Goal of the exercise: From the first line of the listing to the last, set down everything exactly, but skip the images.

Stored data:
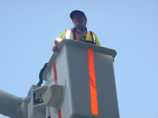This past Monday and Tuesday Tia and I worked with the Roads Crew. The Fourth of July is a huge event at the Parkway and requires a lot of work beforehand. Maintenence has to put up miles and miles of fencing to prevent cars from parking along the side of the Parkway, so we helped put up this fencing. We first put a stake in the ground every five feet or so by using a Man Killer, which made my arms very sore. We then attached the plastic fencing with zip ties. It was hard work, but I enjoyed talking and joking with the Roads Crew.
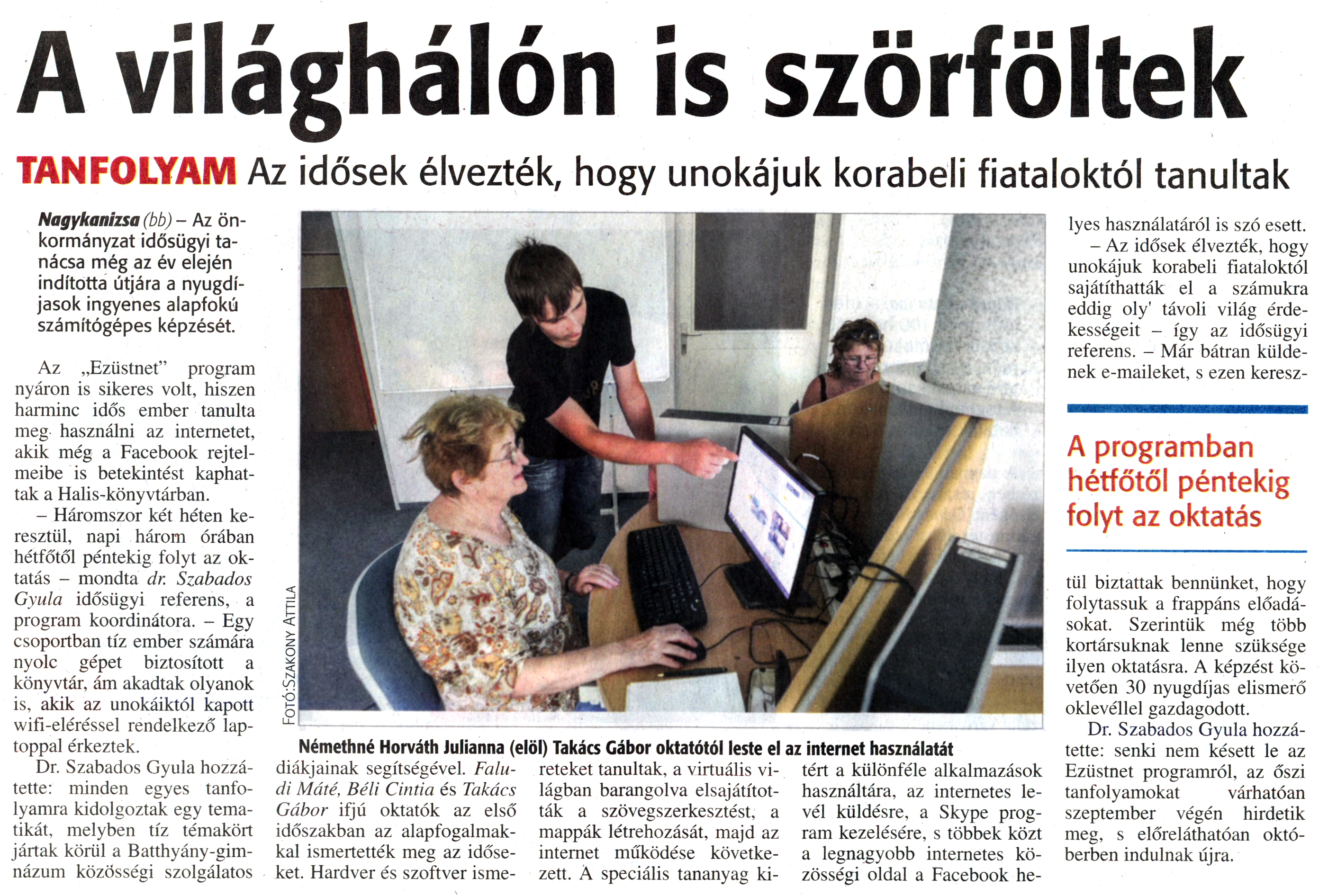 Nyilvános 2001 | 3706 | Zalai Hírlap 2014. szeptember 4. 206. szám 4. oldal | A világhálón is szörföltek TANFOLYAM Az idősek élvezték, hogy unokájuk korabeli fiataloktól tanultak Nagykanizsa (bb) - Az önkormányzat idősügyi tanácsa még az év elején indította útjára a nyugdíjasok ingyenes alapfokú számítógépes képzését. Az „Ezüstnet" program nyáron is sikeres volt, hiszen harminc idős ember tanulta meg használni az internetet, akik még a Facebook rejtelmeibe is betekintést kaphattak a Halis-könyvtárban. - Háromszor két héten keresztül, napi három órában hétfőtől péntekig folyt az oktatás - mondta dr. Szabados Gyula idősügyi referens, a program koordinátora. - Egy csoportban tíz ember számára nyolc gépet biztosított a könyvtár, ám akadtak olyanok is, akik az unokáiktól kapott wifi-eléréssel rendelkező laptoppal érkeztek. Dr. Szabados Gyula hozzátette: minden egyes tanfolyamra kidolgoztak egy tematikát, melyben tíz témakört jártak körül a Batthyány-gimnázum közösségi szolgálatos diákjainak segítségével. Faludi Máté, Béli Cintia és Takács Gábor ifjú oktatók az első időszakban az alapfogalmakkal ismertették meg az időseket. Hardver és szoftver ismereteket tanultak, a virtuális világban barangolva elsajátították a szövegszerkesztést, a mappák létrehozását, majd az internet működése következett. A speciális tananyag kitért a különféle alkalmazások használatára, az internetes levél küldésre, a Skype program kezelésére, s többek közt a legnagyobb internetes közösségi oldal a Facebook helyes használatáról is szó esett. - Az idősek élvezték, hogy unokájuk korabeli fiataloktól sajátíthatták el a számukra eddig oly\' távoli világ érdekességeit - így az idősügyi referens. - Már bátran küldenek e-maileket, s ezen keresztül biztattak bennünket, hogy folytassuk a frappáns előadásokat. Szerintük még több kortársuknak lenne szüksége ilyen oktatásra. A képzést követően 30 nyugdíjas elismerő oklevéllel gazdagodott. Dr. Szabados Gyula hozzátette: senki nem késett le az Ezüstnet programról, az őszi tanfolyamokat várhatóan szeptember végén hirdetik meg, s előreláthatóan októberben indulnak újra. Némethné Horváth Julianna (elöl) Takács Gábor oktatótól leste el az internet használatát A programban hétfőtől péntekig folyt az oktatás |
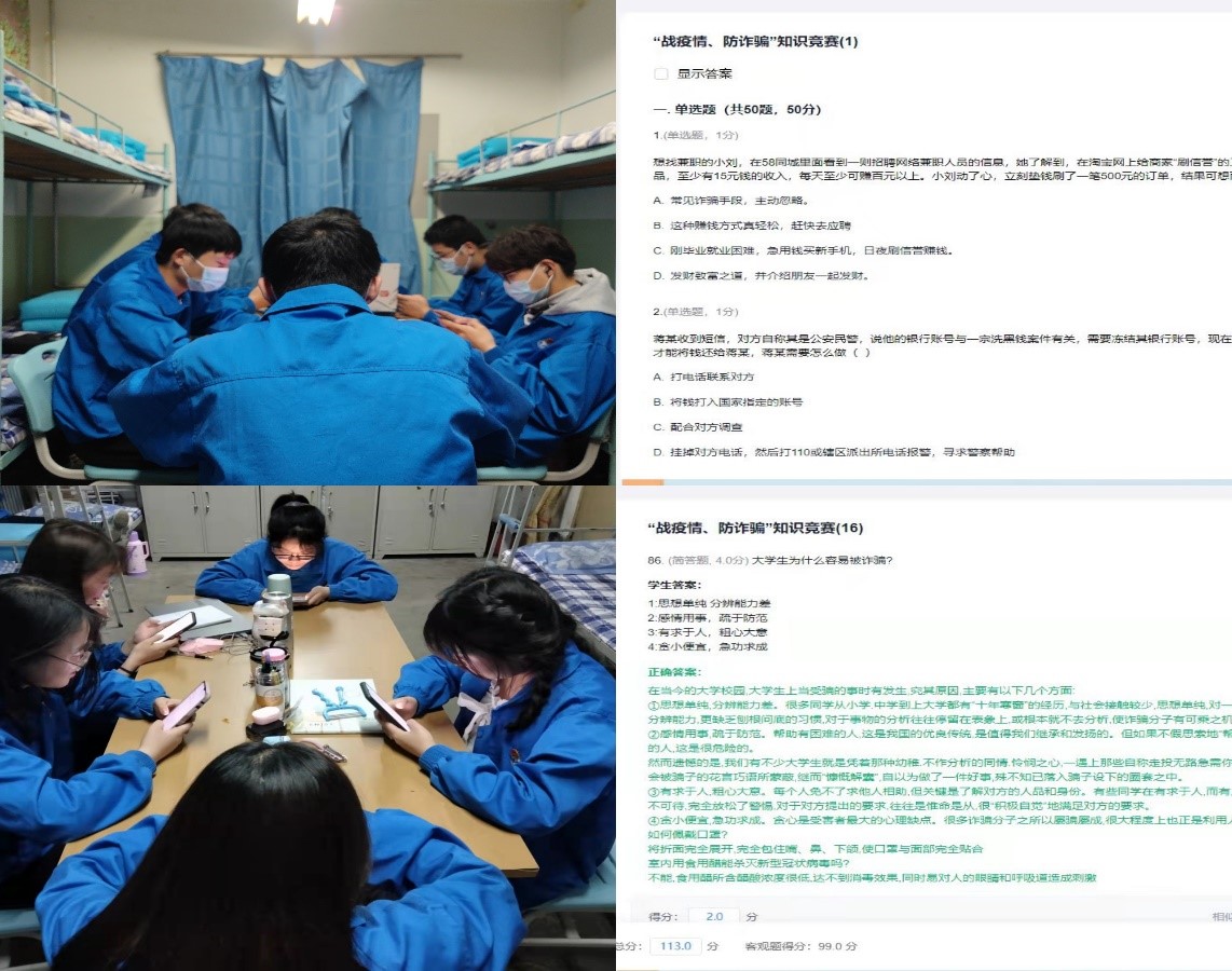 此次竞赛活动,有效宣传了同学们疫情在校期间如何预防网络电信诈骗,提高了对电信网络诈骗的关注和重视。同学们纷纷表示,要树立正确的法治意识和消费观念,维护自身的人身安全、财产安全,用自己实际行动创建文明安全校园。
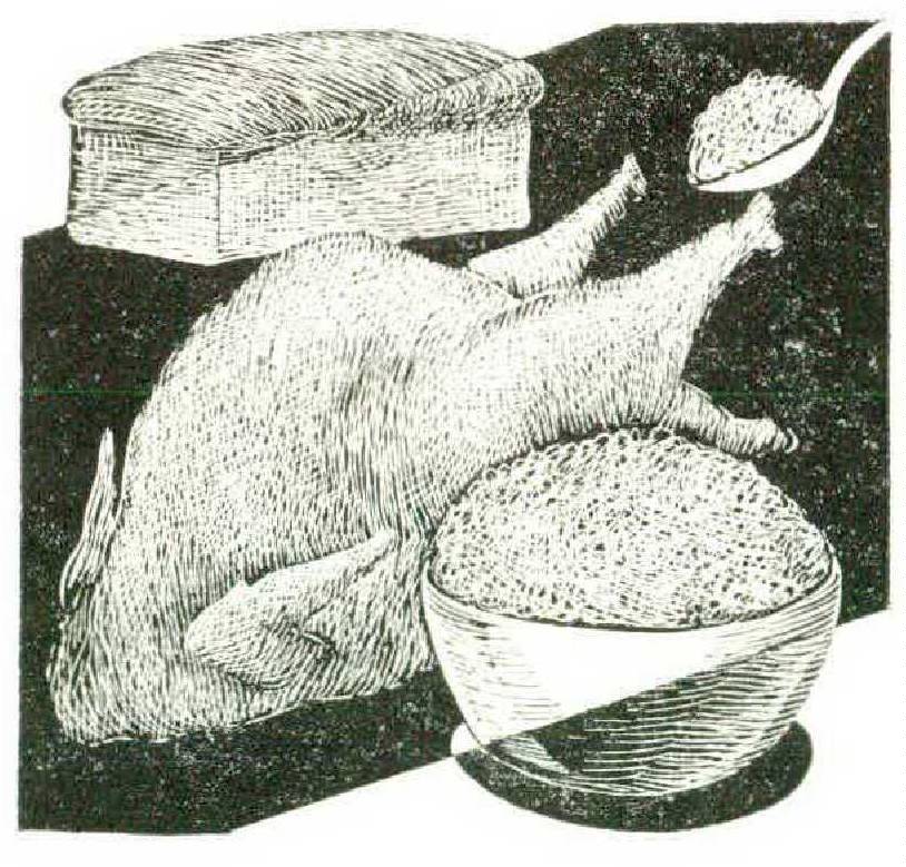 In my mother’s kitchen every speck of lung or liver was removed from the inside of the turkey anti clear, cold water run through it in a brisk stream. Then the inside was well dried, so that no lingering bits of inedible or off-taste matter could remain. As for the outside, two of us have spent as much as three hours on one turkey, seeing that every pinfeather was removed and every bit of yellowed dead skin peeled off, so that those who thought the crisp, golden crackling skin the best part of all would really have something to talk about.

Solved exercise:
This past Monday and Tuesday Tia and I worked with the Roads Crew. The Fourth of July is a huge event at the Parkway and requires a lot of work beforehand. Maintenence has to put up miles and miles of fencing to prevent cars from parking along the side of the Parkway, so we helped put up this fencing. We first put a stake in the ground every five feet or so by using a Man Killer, which made my arms very sore. We then attached the plastic fencing with zip ties. It was hard work, but I enjoyed talking and joking with the Roads Crew.
 Nyilvános 2001 | 3706 | Zalai Hírlap 2014. szeptember 4. 206. szám 4. oldal | A világhálón is szörföltek TANFOLYAM Az idősek élvezték, hogy unokájuk korabeli fiataloktól tanultak Nagykanizsa (bb) - Az önkormányzat idősügyi tanácsa még az év elején indította útjára a nyugdíjasok ingyenes alapfokú számítógépes képzését. Az „Ezüstnet" program nyáron is sikeres volt, hiszen harminc idős ember tanulta meg használni az internetet, akik még a Facebook rejtelmeibe is betekintést kaphattak a Halis-könyvtárban. - Háromszor két héten keresztül, napi három órában hétfőtől péntekig folyt az oktatás - mondta dr. Szabados Gyula idősügyi referens, a program koordinátora. - Egy csoportban tíz ember számára nyolc gépet biztosított a könyvtár, ám akadtak olyanok is, akik az unokáiktól kapott wifi-eléréssel rendelkező laptoppal érkeztek. Dr. Szabados Gyula hozzátette: minden egyes tanfolyamra kidolgoztak egy tematikát, melyben tíz témakört jártak körül a Batthyány-gimnázum közösségi szolgálatos diákjainak segítségével. Faludi Máté, Béli Cintia és Takács Gábor ifjú oktatók az első időszakban az alapfogalmakkal ismertették meg az időseket. Hardver és szoftver ismereteket tanultak, a virtuális világban barangolva elsajátították a szövegszerkesztést, a mappák létrehozását, majd az internet működése következett. A speciális tananyag kitért a különféle alkalmazások használatára, az internetes levél küldésre, a Skype program kezelésére, s többek közt a legnagyobb internetes közösségi oldal a Facebook helyes használatáról is szó esett. - Az idősek élvezték, hogy unokájuk korabeli fiataloktól sajátíthatták el a számukra eddig oly\' távoli világ érdekességeit - így az idősügyi referens. - Már bátran küldenek e-maileket, s ezen keresztül biztattak bennünket, hogy folytassuk a frappáns előadásokat. Szerintük még több kortársuknak lenne szüksége ilyen oktatásra. A képzést követően 30 nyugdíjas elismerő oklevéllel gazdagodott. Dr. Szabados Gyula hozzátette: senki nem késett le az Ezüstnet programról, az őszi tanfolyamokat várhatóan szeptember végén hirdetik meg, s előreláthatóan októberben indulnak újra. Némethné Horváth Julianna (elöl) Takács Gábor oktatótól leste el az internet használatát A programban hétfőtől péntekig folyt az oktatás |
 此次竞赛活动,有效宣传了同学们疫情在校期间如何预防网络电信诈骗,提高了对电信网络诈骗的关注和重视。同学们纷纷表示,要树立正确的法治意识和消费观念,维护自身的人身安全、财产安全,用自己实际行动创建文明安全校园。
 In my mother’s kitchen every speck of lung or liver was removed from the inside of the turkey anti clear, cold water run through it in a brisk stream. Then the inside was well dried, so that no lingering bits of inedible or off-taste matter could remain. As for the outside, two of us have spent as much as three hours on one turkey, seeing that every pinfeather was removed and every bit of yellowed dead skin peeled off, so that those who thought the crisp, golden crackling skin the best part of all would really have something to talk about.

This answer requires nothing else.